Acupuncture: does it alleviate pain and are there serious risks?
A review of reviews
Ernst E, Lee MS, Choi TY.
Pain. 2011 Apr;152(4):755-64.
This is quite an extensive review on the subject made by a team working in complementary medicine. Apart perhaps for a positive effect in neck pain, it appears to be unable to reduce pain but can present serious side-effects such as pneumothorax and infections. 5 deaths have even been reported in this review.
Pain is a very complex subject and studies on pain must be well targeted as to the type of pain studied. It is plain stupid to mix pain of different origins, to mix “normal” and “pathological pain”, or even to mix males and females! You cannot mix a pain that is due to an inflammation whose natural history is to wane with time with a chronic pain that has shown no natural tendency to disappear on its own. You cannot mix “natural” pain whose intensity is proportional to the insult causing the pain with “pathological pain” such as in fibromyalgia, where a non painful stimulus such as a caress can give rise to an excruciating pain. You cannot even compare males and females because the pain intensity is different for a same stimulus and because the pain treatment has different effects. Unless subjects are paired so to be comparable, most studies on pain are futile unless a real statistical difference is applied with the stronger tests possible. That means, not a 0.05 p value but a 0.001 p value!
Is there any acupuncture effectiveness in fibromyalgia? Certainly not in the long term, but probably not even as a short term treatment. If it is used as a distraction it is not acceptable to expose the patient to any complications! If it is used as a social gathering, why not apply acupressure pain relief? At least it won’t be dangerous! And acupressure point massage, if it works, can be easily taught to the sufferer for self application. Acupuncture should be used only in well set up studies but its wide usage by many “practitioners” of dubious training has created a commerce that will be difficult to regulate.
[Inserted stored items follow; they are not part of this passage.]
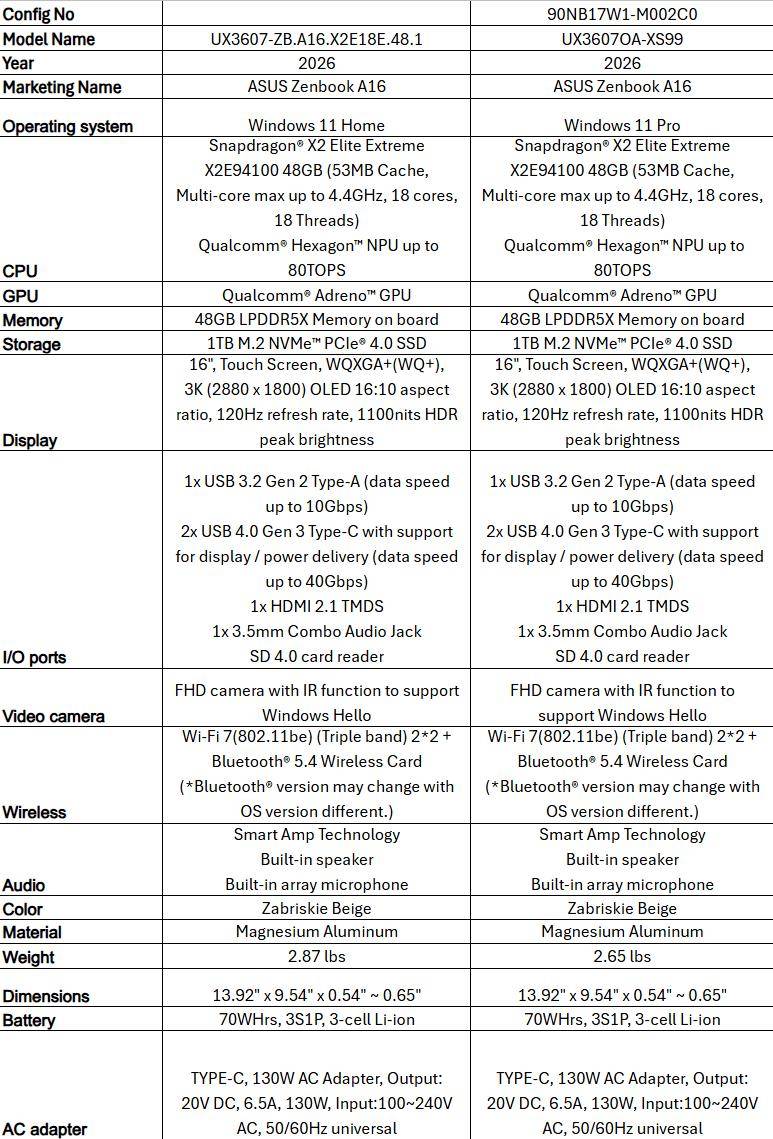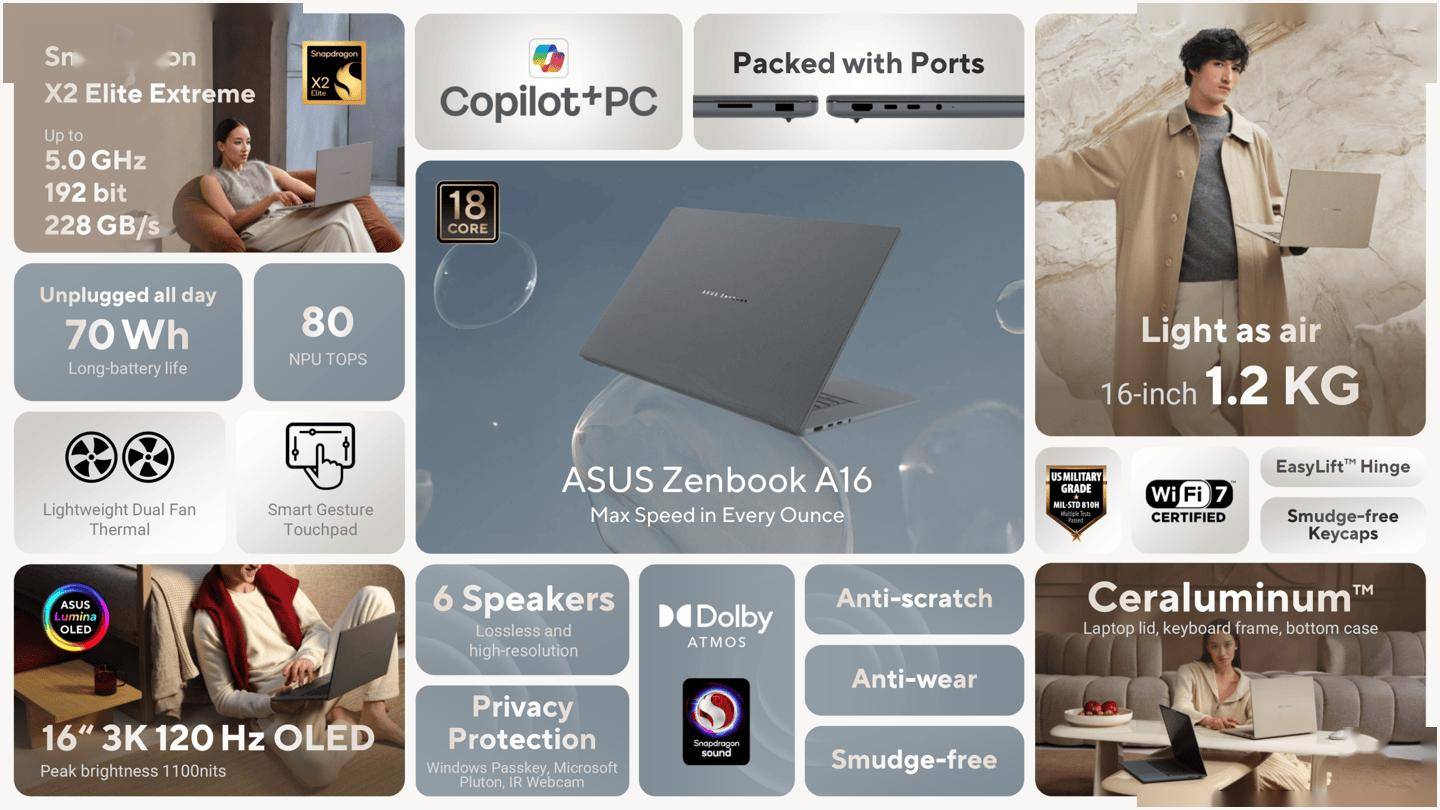 IT之家 1 月 7 日消息,科技媒体 Wccftech 今天(1 月 7 日)发布博文,报道称在 CES 2026 展会期间,华硕推出 Zenbook A16(UX3607),声称是迄今为止“速度最快、性能最强”的骁龙笔记本电脑。
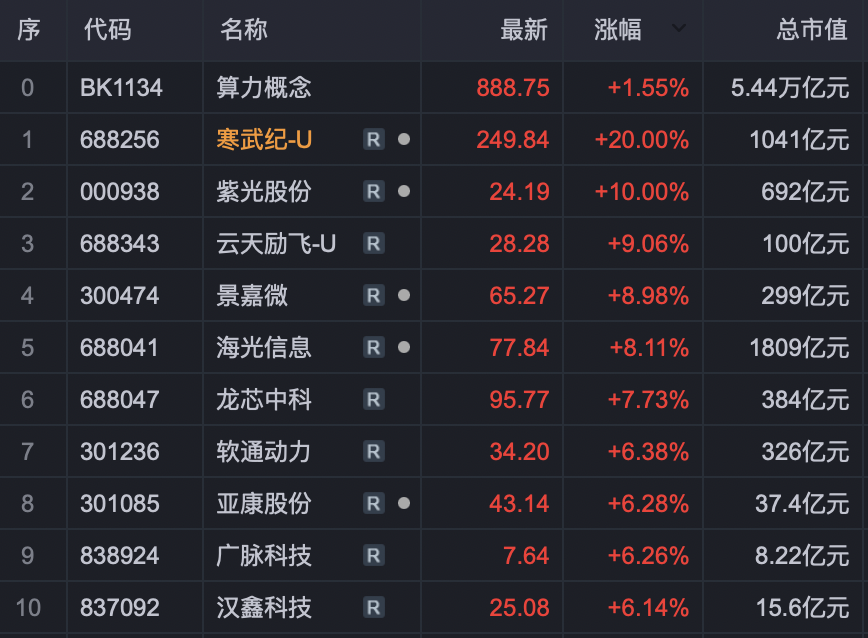 今日A股算力概念股全线爆发,寒武纪、紫光股份、景嘉微、海光信息等大涨,带动整个算力板块上涨,国证算力指数大涨3.84%。其中,寒武纪20%涨停市值重回千亿,今年以来股价涨幅已经达到85%,紫光股份10%涨停,海光信息涨8.11%,龙芯中科涨7.73%等。
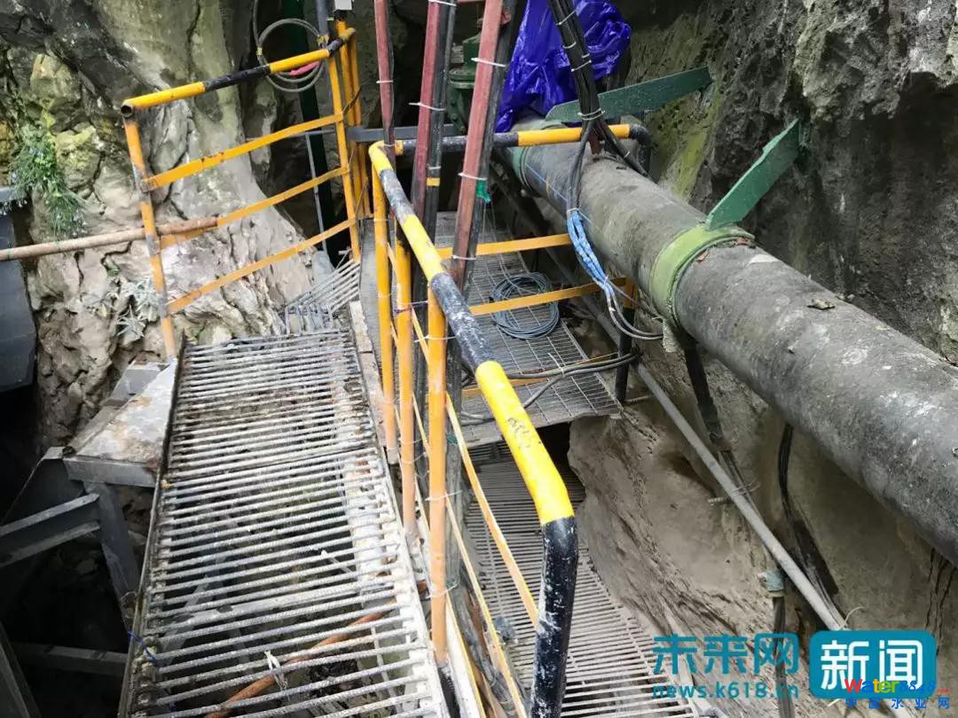 發(fā)財(cái)洞受污地下水題處理裝置抽水段,正在將污水從地下溶洞中抽出
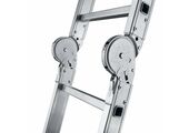 Лестница состоит из четырех секций, соединенных между собой стальными лестничными шарнирами с углами фиксации 35, 105 и 180 градусов. Поэтому такая лестница может принимать различные формы.

Suffice to say that as a traditional Chinese medicine (tcm), it was used under Mao for the commoners because it was cheap, whilst the apparatchiks were treated the occidental way in their private hospitals! It’s only because an unexpected huge interest was shown by some occidentals that traditional Chinese medicine “schools” were developed to respond to a surprising demand. If that’s not a proof, what is? Is it without interest? It is certainly an interesting subject but it needs a more rigorous approach. Better methods with much less complications are emerging that should throw it back to history. In fibromyalgia tcm acupuncture or its westernized form don’t seem to work.
Acupuncture is commonly used for pain control, but doubts about its effectiveness and safety remain. This review was aimed at critically evaluating systematic reviews of accupuncture as a treatment of pain and at summarizing reports of serious adverse effects published since 2000. Literature searches were carried out in 11 databases without language restrictions. Systematic reviews were considered for the evaluation of effectiveness and case series or case reports for summarizing adverse events. Data were extracted according to predefined criteria. Fifty-seven systematic reviews met the inclusion criteria. Four were of excellent methodological quality. Numerous contradictions and caveats emerged. Unanimously positive conclusions from more than one high-quality systematic review existed only for neck pain. Ninety-five cases of severe adverse effects including 5 fatalities were included. Pneumothorax and infections were the most frequently reported adverse effects. In conclusion, numerous systematic reviews have generated little truly convincing evidence that acupunctre is effective in reducing pain. Serious adverse effects continue to be reported. Numerous reviews have produced little convincing evidence that acupuncture is effective in reducing pain. Serious adverse events, including deaths, continue to be reported.